Which index in the data is used for n, depends on the min and max source and target lags. For example, if the source max lag is 50 and the target max lag is 30, te first current value will be the sample in the target process with index 50. If the source max lag is 20 and the target max lag is 23, the current value index will be 23. So the first sample considered as the current value in the first replication is determined by the maximum over the two max lags.
 
In your case, if you run your TE analysis with a larger max_lag for the source than for the target, the estimation will use slightly different samples than what is used in AIS estimation, where you use the target's max lag only.
 
Best,
Patricia

Patricia Wollstadt

unread,
Dec 9, 2022, 2:39:49 AM12/9/22
to IDTxl
Hi Yorgo,

That is right, the generation of the permutations for the statistical test adds non-determinism. You can set a fixed seed when initialising the Data object, e.g., data = Data(seed=0). This controls the generation of surrogate data and should make it repeatable if you re-initialise the data object for your AIS analysis with the same random seed as for the mTE analysis.

Also, if you are using the JIDT Kraskov estimator a little random noise is added. Unfortunately, we can not use the random seed for that at this point. However, this should only have a minor effect.

Regarding your other questions:

- In the case the omnibus TE for a target is higher than the sum of the TEs of the selected sources to that target, can we infer synergistic effects are occurring between the sources?

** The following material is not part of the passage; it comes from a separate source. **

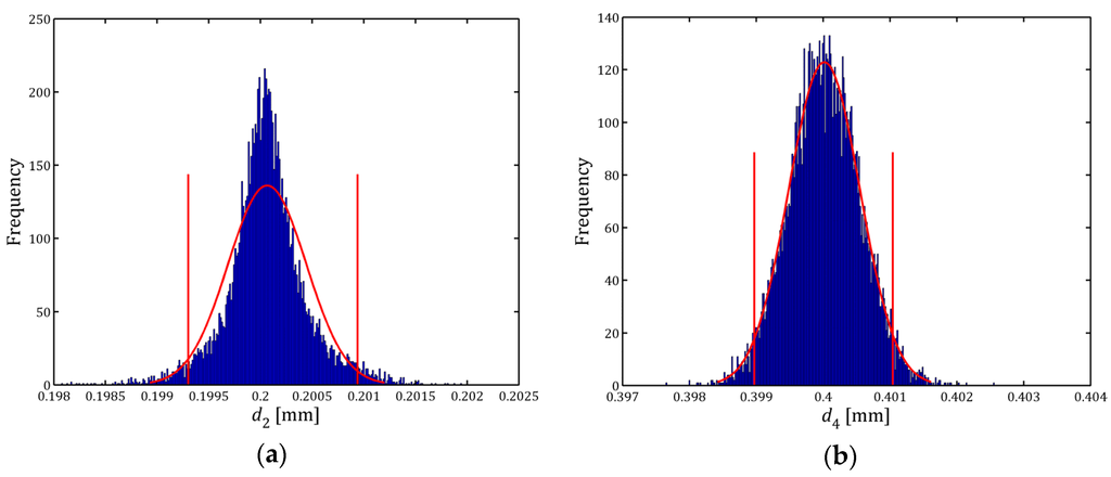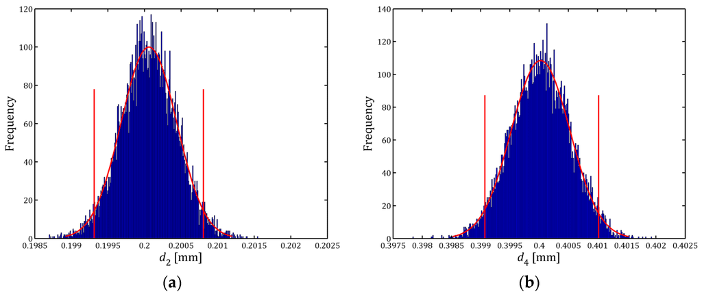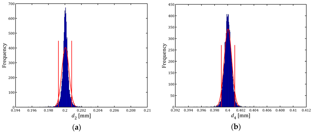 Table 3 shows the results obtained by measuring the glass line scale considering the Hypothesis 1. Figure 3a,b show the histograms of the distances d2 and d4. These results obtained by developing the Hypotheses 2 and 3 are shown in Table 4, Figure 4a,b and Table 5, Figure 5a,b, respectively. Analyzing the results of the above tables, it is observed that variations within a single estimate of the measurand dk obtained in the various hypotheses are between 1 nm and 22 nm, values that can be considered negligible considering that the nominal size pixel in the measurement conditions used was 0.98 μm.

In theory yes, but I would not trust the actual, estimated values due to estimator bias. Estimation bias is dependent on the dimensionality of the variables, so the omnibus TE is estimated in a more high-dimensional space, which leads to a different bias than for the estimation of the individual TEs. To investigate whether you have a synergistic effect, I would estimate the PID between sources and the target value.

The same holds for the second question. 

Hope this helps.
Best,
Patricia

Anfang der weitergeleiteten Nachricht:

Von: Yorgo Hoebeke <yorgoh...@gmail.com>
Betreff: Aw: Re: Auto-dependency
Datum: 7. Dezember 2022 um 12:55:40 MEZ
An: Patricia Wollstadt <Patricia....@gmx.de>

Dear Patricia,

Thank you very much for your answer. It is very helpful and clear.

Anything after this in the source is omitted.